Why ask, she felt like querying, when you’ve undoubtedly elicited that information from the attendant sister before entering my suite?
‘Yes.’ The monosyllabic response held restraint, and she silently examined her need of it. ‘Thank you,’ she added politely, all too aware of the studied darkness evident in his eyes.
Shouldn’t there be some level of recognition deep within her psyche, anything that would allow her to know him? Even if her mind failed to acknowledge him in any intimate capacity, surely an instinctive sixth sense would force some kind of awareness?
Dammit, she cursed silently. It wasn’t enough to have to believe that Alejandro Santanas had swept her off her feet in a whirlwind courtship. The fact that they had married a month later in Sydney left too many details unexplained.
A natural curiosity about her background had been partially satisfied by examining a thick album containing family snapshots, although there was a sense of disappointment when not one of them managed to rouse a spark of recognition.
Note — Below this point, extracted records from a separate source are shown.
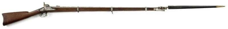Lockplate and barrel dated "1863," bears inspector's proofmarks. Includes a bayonet with scabbard.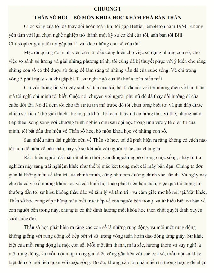 Đúng như tên gọi, Thần số học – Sức mạnh của những con số PDF tập trung vào việc thức tỉnh nhận thức của người đọc. Mỗi chương là một hành trình giúp bạn nhận ra “con số không chỉ là ký hiệu toán học, mà là năng lượng sống”.
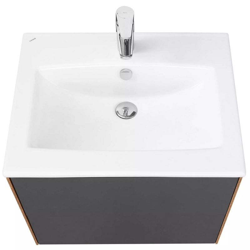 Тумба Сохо функционально состоит из двух вместительных ящиков, оснащенных системой push to open, обеспечивающей надежное, комфортное и бесшумное закрывание. Фасады изделия – МДФ в пленке графит с эффектом soft touch, корпус – ламинированная влагостойкая ДСП Дуб веллингтон. Верхний и нижний ящики оснащены системой организации пространства, которая позволяет содержать косметические средства в идеальном порядке. Дополняет тумбу стильная раковина Элина от бренда Santek с удобной чашей. Все внутренние детали тумбы выполнены в тон фасадов – цвета антрацит.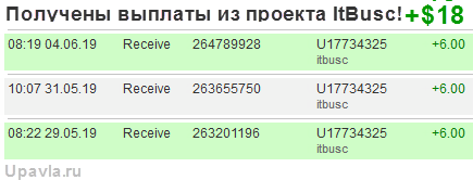 The amount of 10 USD has been deposited to your account. Accounts: U17734325->U6977456. Memo: API Payment. Withdraw.. Date: 10:00 31.05.19. Batch: 263654791.

In the past week she had leafed countless times through the many pages filled with glossy prints depicting her from infancy through childhood, highlighting scholastic and sporting achievements, accenting her chosen career as a paediatric nurse. There were photos of her parents, the mother she had lost at an early age, and several of her father, whose affection for his only child was achingly apparent … all the more poignant, given that he had recently died. Holiday snaps taken with friends she was unable to identify. The suburban family home Alejandro informed her she had shared with her father until her marriage. Altogether they encapsulated the past twenty-five years of her life.
‘Your hand?’ Alejandro queried lightly. ‘It is less painful this morning?’
‘A little,’ she responded stiffly, refusing to relay that her ribs and her shoulder still ached, and that her heavily bandaged right hand, in which surgeons had inserted titanium pins to align several fractured bones, felt stiff in its supportive splint.